About Scandinavian Tobacco Group

Scandinavian Tobacco Group A/S with its subsidiaries (the "Group") is a world leading producer of cigars and traditional pipe tobacco. The Group also produces fine-cut tobacco and sells tobacco-related accessories. The Group produces and sells 3 billion cigars and 5,000 tonnes of pipe and fine-cut tobacco annually. Scandinavian Tobacco Group believes it is the only company globally with a core strategic focus on production and distribution in all of these tobacco categories.

Scandinavian Tobacco Group holds market-leading positions in the machine-made cigar market in Europe, the handmade cigar market in the US, the online and catalogue retail sales of cigars in the US, the traditional pipe tobacco market globally and in selected fine-cut tobacco markets.

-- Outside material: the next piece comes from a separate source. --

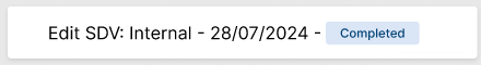 Completed – This status denotes that ALL items in the generated SDV have been checked and the SDV has been marked as “Completed”.

Scandinavian Tobacco Group has a diversified portfolio of more than 200 brands providing a complementary range of established global brands and local champions.  In the cigar segment, the brand portfolio comprises Café Crème, La Paz, Macanudo, CAO, Partagas (US) and Cohiba (US). Pipe tobacco brands include Captain Black, Erinmore, Borkum Riff and W.Ø. Larsen, while leading fine-cut tobacco brands include Bugler, Break, Escort, Bali Shag and Tiedemanns.

As at 31 December 2015, the Group employed approx. 8,100 people in the Dominican Republic, Honduras, Nicaragua, Indonesia, Europe, New Zealand, Australia, Canada and the US.